Super Speedy Syslog Searcher! (s4)

Speedily search and sort many syslog files by datetime.

Super Speedy Syslog Searcher (s4) is a command-line tool to search and sort syslog files within compressed files (.gz, .xz) and archives (.tar). The first goal of s4 is speedy searching and printing.

Build status docs.rs License

crates.io version crates.io downloads codecov.io Commits since Requirements Status



Use

Install super_speedy_syslog_searcher

lang-text cargo install super_speedy_syslog_searcher

Run s4

For example, print all the syslog lines in syslog files under /var/log/

lang-text s4 /var/log

Print only the syslog lines since yesterday

lang-text s4 /var/log -a $(date -d "yesterday" '+%Y-%m-%d')

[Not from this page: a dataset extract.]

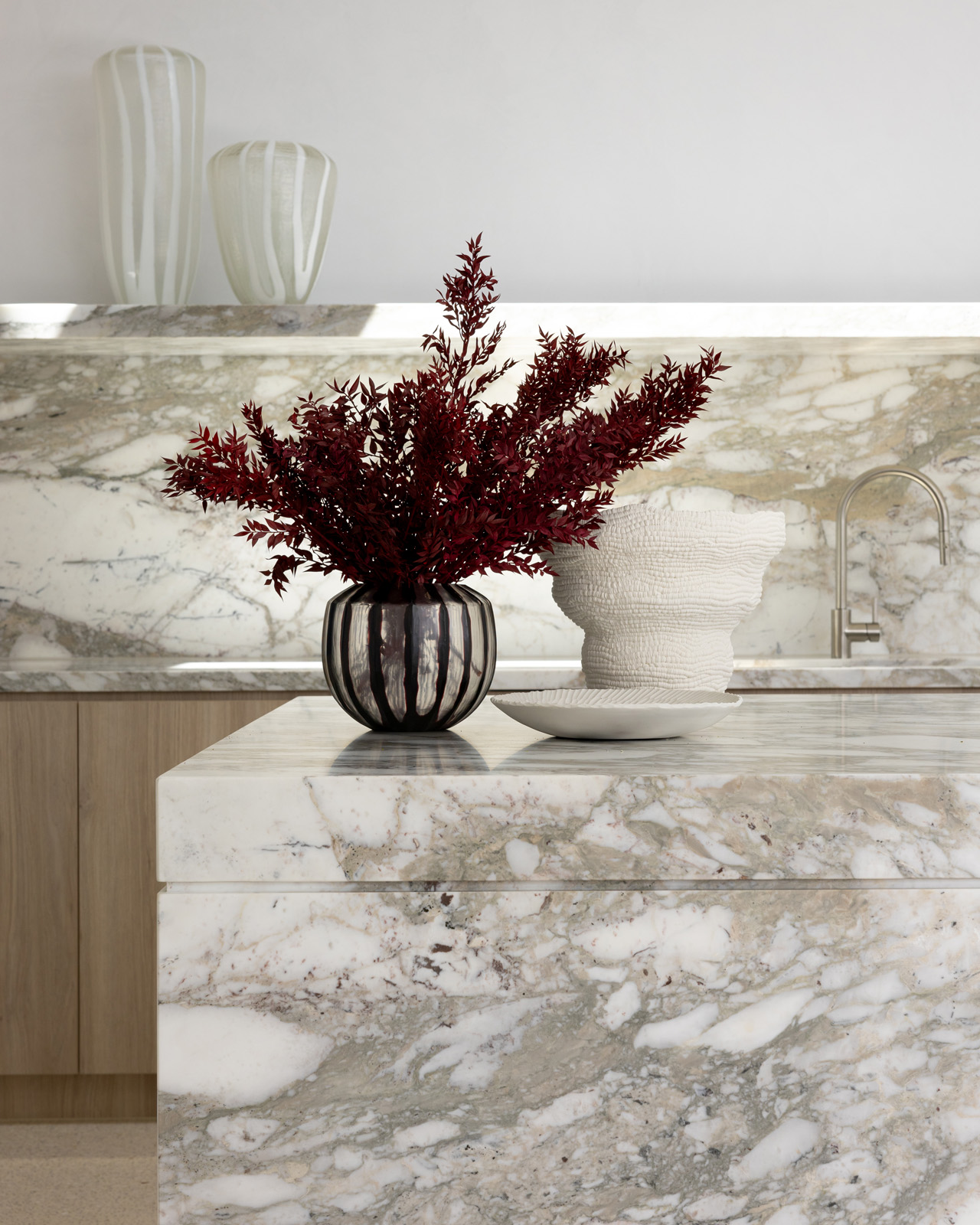 The Banda vases are mouth-blown and fused with rich mahogany and clear glass, creating a bold striped pattern that defines their striking silhouette.

Print only the syslog lines that occurred two days ago

lang-text s4 /var/log -a $(date -d "2 days ago" '+%Y-%m-%d') -b $(date -d "1 days ago" '+%Y-%m-%d')

Print only the syslog lines that occurred two days ago during the noon hour

lang-text s4 /var/log -a $(date -d "2 days ago 12:00" '+%Y-%m-%dT%H:%M:%S') -b $(date -d "2 days ago 13:00" '+%Y-%m-%dT%H:%M:%S')

Print only the syslog lines that occurred two days ago during the noon hour in Bengaluru, India (timezone offset +05:30) and prepended with equivalent UTC datetime.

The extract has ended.